Василий не хотел садиться и смотрел на капитана много видевшими, спокойно улыбавшимися большими глазами.
— Есть инстинкты, которым большинство людей могло бы позавидовать. Вы, вероятно, слыхали, что у австрийских дикарей существует правило: прежде нежели начать войну, они для мирных переговоров высылают женщин. И часто женщины предупреждают кровопролитие…
— Это любопытно! — воскликнул Михайлов.
Кто-то из мужчин бросил притихшим сестрам:
— Женщины! Гордитесь!..
— Недурной пример дают людям и войны между львами, — продолжал Василий, — львы два раза могут уступать противнику, а в третий раз идут сознательно или убить, или погибнуть. Разве не естественно, если бы люди — воины скорее походили на львов, нежели на чистых агнцев… — Василий блеснул крепкими зубами, — тем более что львицы, как уверяет Брем, предпочитают потомство только от львов-победителей…

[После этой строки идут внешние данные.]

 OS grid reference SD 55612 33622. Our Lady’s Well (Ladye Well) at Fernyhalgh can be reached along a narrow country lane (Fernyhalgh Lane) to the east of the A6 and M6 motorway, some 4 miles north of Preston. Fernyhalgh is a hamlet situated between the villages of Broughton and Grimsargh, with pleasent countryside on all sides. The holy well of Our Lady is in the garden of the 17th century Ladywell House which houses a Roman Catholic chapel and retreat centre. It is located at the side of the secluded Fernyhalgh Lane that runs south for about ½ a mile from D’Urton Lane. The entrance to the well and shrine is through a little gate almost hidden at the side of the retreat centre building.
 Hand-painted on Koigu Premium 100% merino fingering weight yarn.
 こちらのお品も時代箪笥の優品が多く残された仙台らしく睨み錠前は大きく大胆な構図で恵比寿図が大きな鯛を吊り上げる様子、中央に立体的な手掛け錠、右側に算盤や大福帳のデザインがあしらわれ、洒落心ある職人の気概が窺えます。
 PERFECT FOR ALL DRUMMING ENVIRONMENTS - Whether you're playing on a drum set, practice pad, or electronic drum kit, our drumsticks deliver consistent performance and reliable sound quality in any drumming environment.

— Слышите, вы, львицы? — опять раздался голос, балагуривший над сестрами.
Капитан насмешливо сказал Чураеву:
— Да вы проповедуете одичание!
— Очень жаль, что вы изволите так понимать.
— Но как же иначе вас понимать? Вы проповедуете варваризм или, по меньшей мере, средневековье с его фальшивым рыцарством…

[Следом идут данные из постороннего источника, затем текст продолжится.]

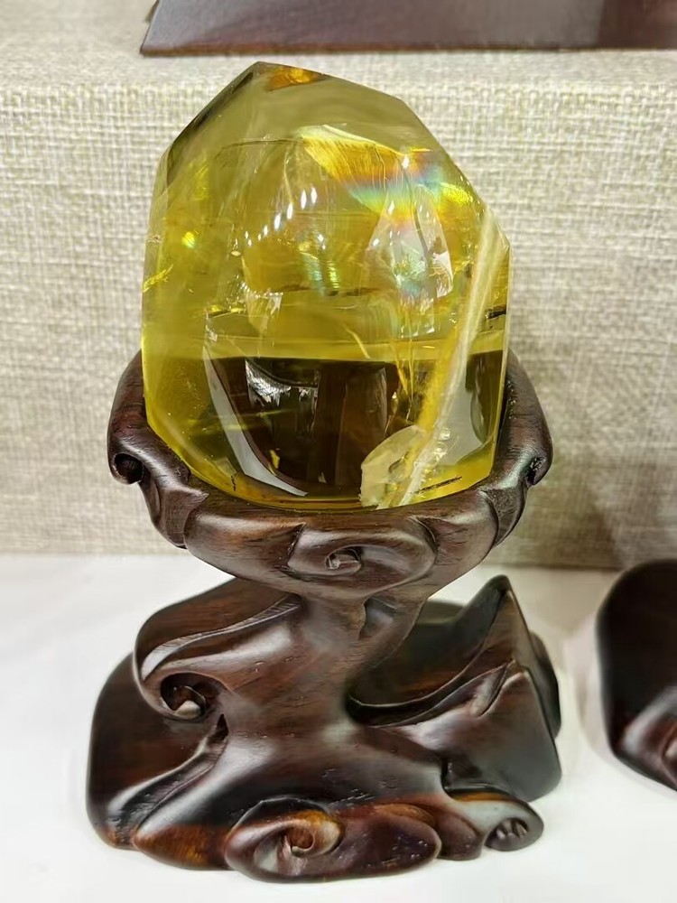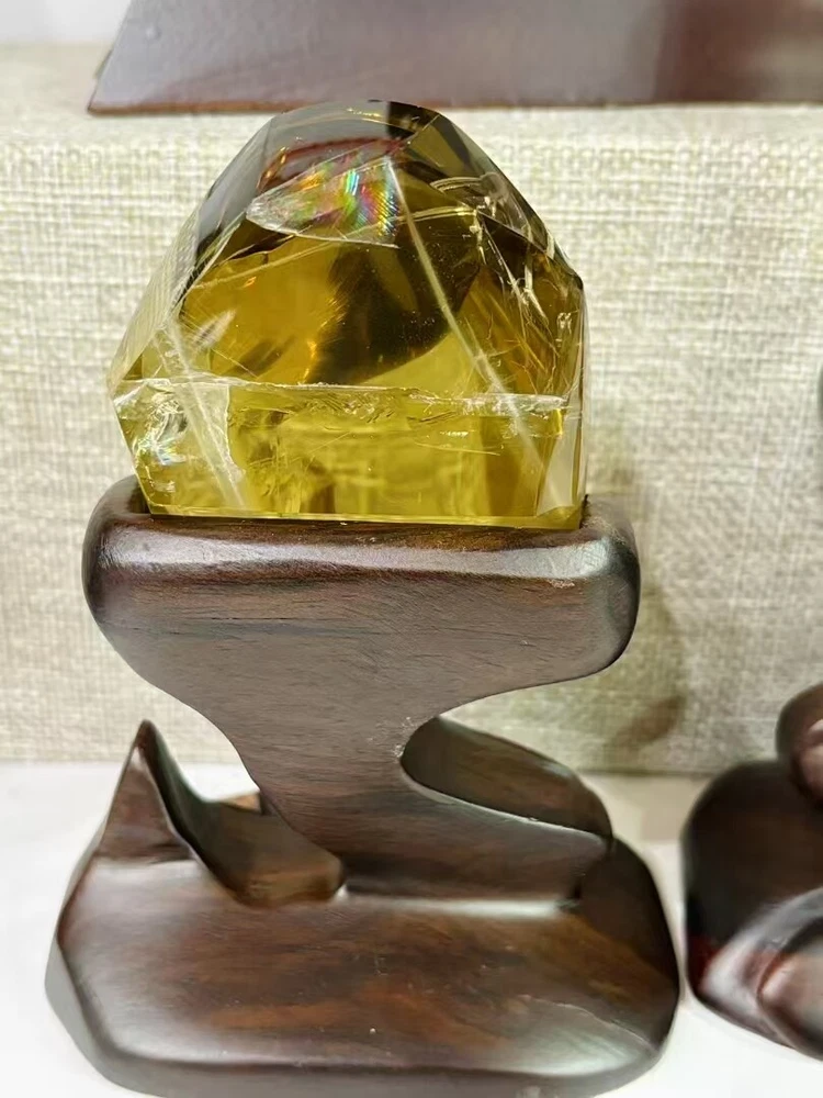 1.05lb Natural Rainbow Citrine Quartz Crystal Specimen with Stand for Reiki Decor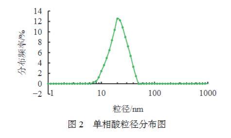 采用激光粒度分析仪对单相酸粒径及分布进行了测定,实验结果见图2。可知单相酸粒径大小分布在7~50 nm范围之内,分布较窄,为高斯分布,在单相微乳粒径范围内。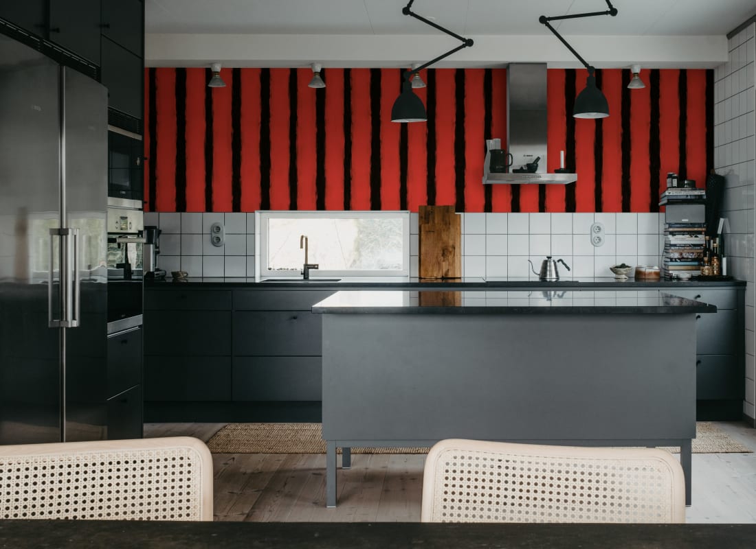 Mural Rebel Walls Pops Painted Stripes Red R20675 przedstawia pionowe pasy o nieregularnych konturach, ręcznie malowanych pociągnięciach, które wyróżniają się na tle intensywnej czerwieni. Graficzna kompozycja oparta na kontrastach między głęboką czernią a nasyconym tłem przyciąga wzrok i nadaje wnętrzu silnego, ekspresyjnego charakteru. Dekoracja emanuje energią i stanowi dominujący element aranżacyjny, idealny do przestrzeni, w których priorytetem jest odwaga projektowa i wyrazista tożsamość wizualna. Mural Rebel Walls R20675 Pops Painted Stripes Red sprawdza się w nowoczesnych jadalniach, loftowych salonach i wnętrzach o eklektycznym stylu. W połączeniu z prostymi meblami i ograniczoną paletą dodatków wzmacnia indywidualny charakter aranżacji. To rozwiązanie dla wnętrz, które wymagają mocnego akcentu i atmosfery intensywności podkreślającej dynamikę przestrzeni.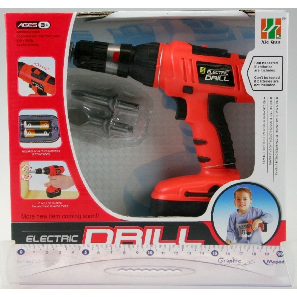 Vrtačka má pravý a levý chod + 3 nástavce (vrták, šroubovák plochý a křížový).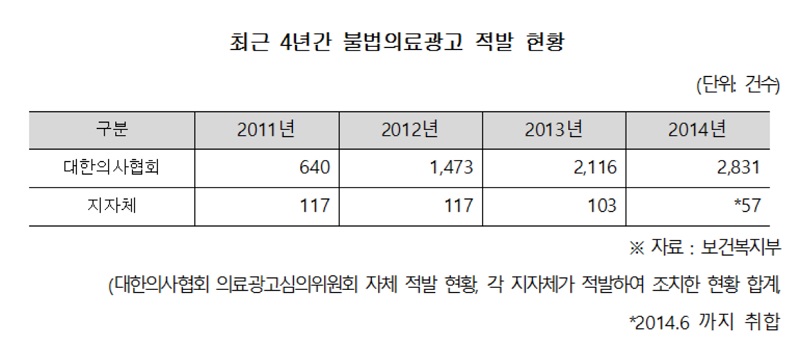 ½ÇÁ¦ Áö³ÇØ º¹ÁöºÎ´Â ºÒ¹ýÀǷᱤ°í¿¡ ´ëÇØ145°Ç(ÇàÁ¤Ã³ºÐ 80°Ç, Çü»ç°í¹ß 65°Ç)ÀÇ Àû¹ß ¹× Á¶Ä¡¿¡ ±×ÃÆ´Ù. ÀÌ´Â ´ëÇÑÀÇ»çÇùȸÀÇ ÀÚüÀû¹ß °Ç¼öÀÇ 10%¿¡µµ ¹ÌÄ¡Áö ¸øÇÑ ¼öÄ¡´Ù.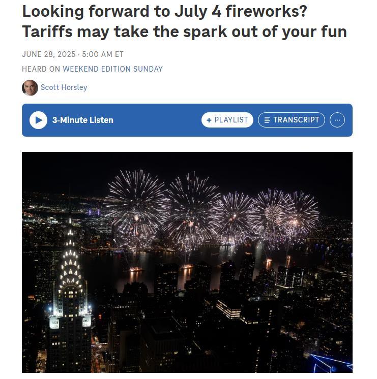 美國(guó)全國(guó)公共廣播電臺(tái)網(wǎng)站近日發(fā)表一篇文章說(shuō),美國(guó)人即將迎來(lái)獨(dú)立日慶典,燒烤派對(duì)、節(jié)日游行和煙花表演自然是重頭戲。但受特朗普政府加征關(guān)稅影響,今年煙花價(jià)格可能飆升,供應(yīng)也將更加緊俏。這是因?yàn)椋绹?guó)用于慶祝獨(dú)立日的火箭煙花、手持電光花和噴泉禮花,幾乎完全依賴(lài)中國(guó)供應(yīng)——而早在一千多年前,正是中國(guó)人發(fā)明了煙花。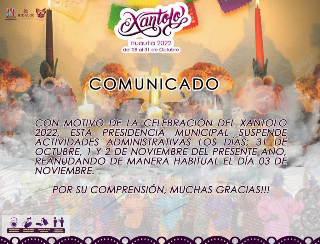 Huautla, Hgo. – Desde este lunes y hasta el miércoles 02 de noviembre, las oficinas de la presidencia municipal estarán cerradas al público, lo que se informa a la ciudadanía con el propósito de evitar molestias, y a la vez, pedir su comprensión.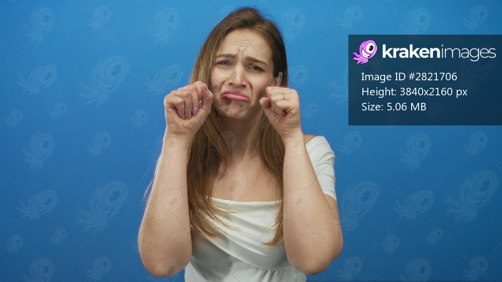 Young woman in white off shoulder top pouting lips and clenching fists to face in blue studio set; sadness.

— Никак нет! Я проповедую вооруженное сопротивление полуистинам, которые являются единственной причиной и ненужных войн и опасных споров. Я предпочитаю быть взорванным в борьбе за очищение, например, христианской истины, нежели видеть себя жиреющим в мирном благополучии.

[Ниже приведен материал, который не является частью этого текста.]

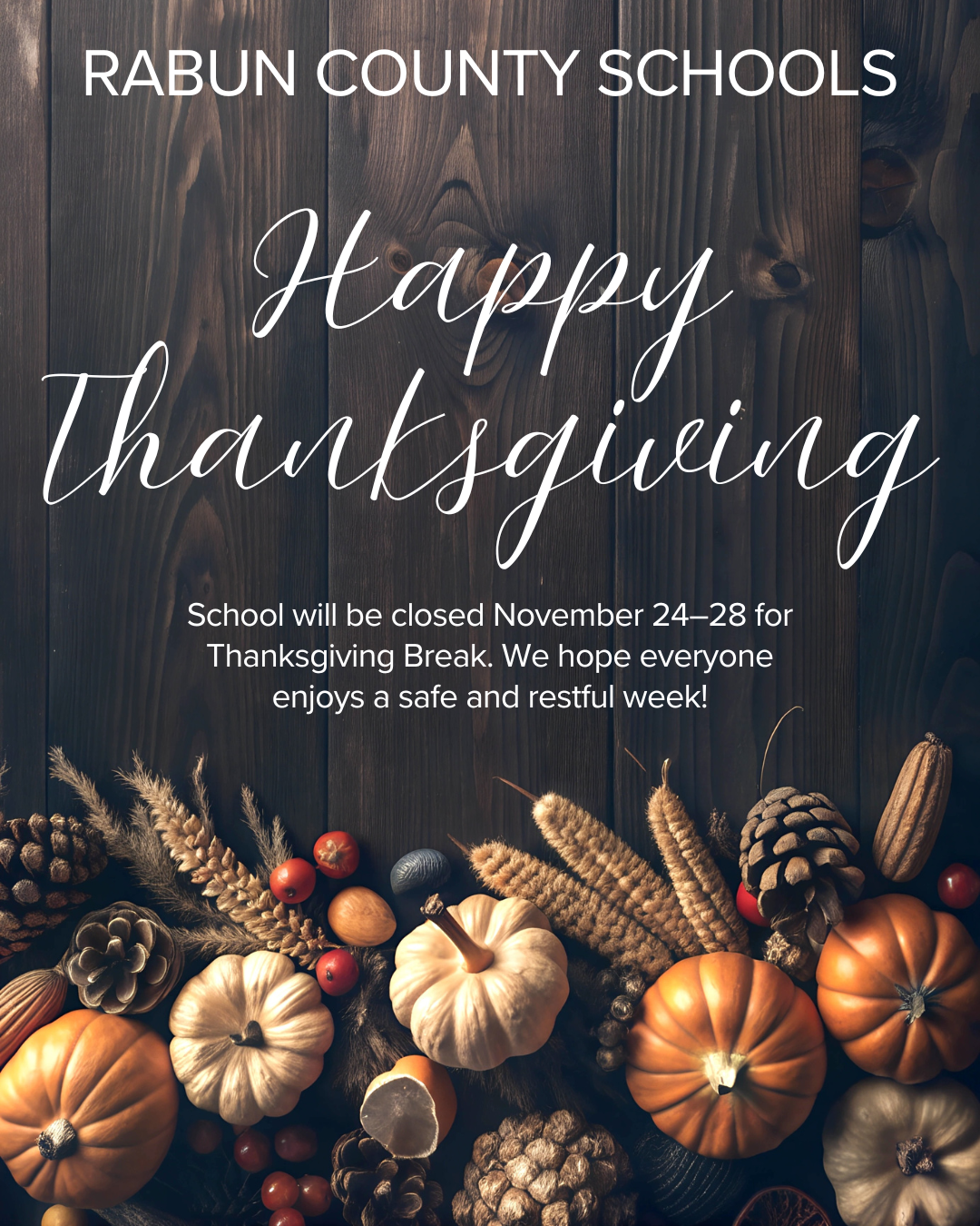 Rabun County Schools will be closed November 24-28 for Thanksgiving Break. We hope everyone enjoys a safe and restful week!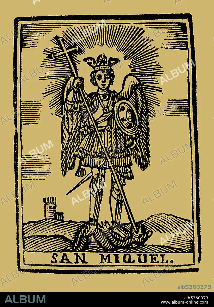 Automatic translation: San Miguel Arcangel; according to Jewish, Christian (Catholic, Orthodox, Coptic and Anglican churches) and Islamic traditions, he is the head of the armies of God. 19th century folk engraving

Василий посмотрел на доктора Михайлова и улыбнулся виноватой улыбкой. Он почувствовал, что неуместно сказал лишнее.
Но сестра-графиня подняла из-под ресниц свои большие, заблестевшие глаза.
— Я скоро должна идти на дежурство… Но это так интересно! Очевидно, все-таки герои есть на свете, — она опять опустила веки и, не смотря на Василия, но явно обращаясь к нему, спросила: — А скажите, как вы думаете обо всем об этом?.. Чем же это может кончиться?.. Победит Россия немцев?..
— Я не кудесник… Но поскольку я знакомлюсь с духом нашего народа — я уверен, что об Россию обломают головы не одни немцы…
Доктор Михайлов посмотрел на строгое, благообразное лицо Василия, который, с заостренной бородою и со взглядом, обращенным внутрь себя, казался высеченным из гранита. С таким бесполезно спорить. Но доктор пошутил:
— А не думаете ли вы, что все войны происходят, собственно говоря, из-за обладания прекрасным полом?..
Все снова засмеялись, не исключая капитана, столь неожиданно, без боя, сдавшегося перед уверенным спокойствием солдата.
На этот раз по губам Василия пробежала усмешка. Она относилась к его собственным переживаниям. Доктор Михайлов попал в цель. Чураев во внутренней борьбе своей был побежден: в этот момент он решил во что бы то ни стало найти и увидеть Августу Серкову. Больше к самому себе, нежели к кому-либо из присутствовавших, он обращал слова, отвечая на шутку старшего врача:
— Кажется, у Дарвина, — спокойно, как бы сам себе, сказал Василий, — описываются особые зверьки, которые в схватке из-за самок главной целью своей имеют обгрызать у противника хвост. Бесхвостый самец на глаза самке не смеет и показаться, тогда как самец с хвостом может наслаждаться счастьем…
Общий смех в столовой был настолько громким, что доктор Михайлов беспокойно посмотрел на капитана. Как бы тот не принял это на свой счет. Но капитан торжествовал:
— Ну, вот вы наконец договорились! Значит, по-вашему, настоящий герой должен быть с хвостом?..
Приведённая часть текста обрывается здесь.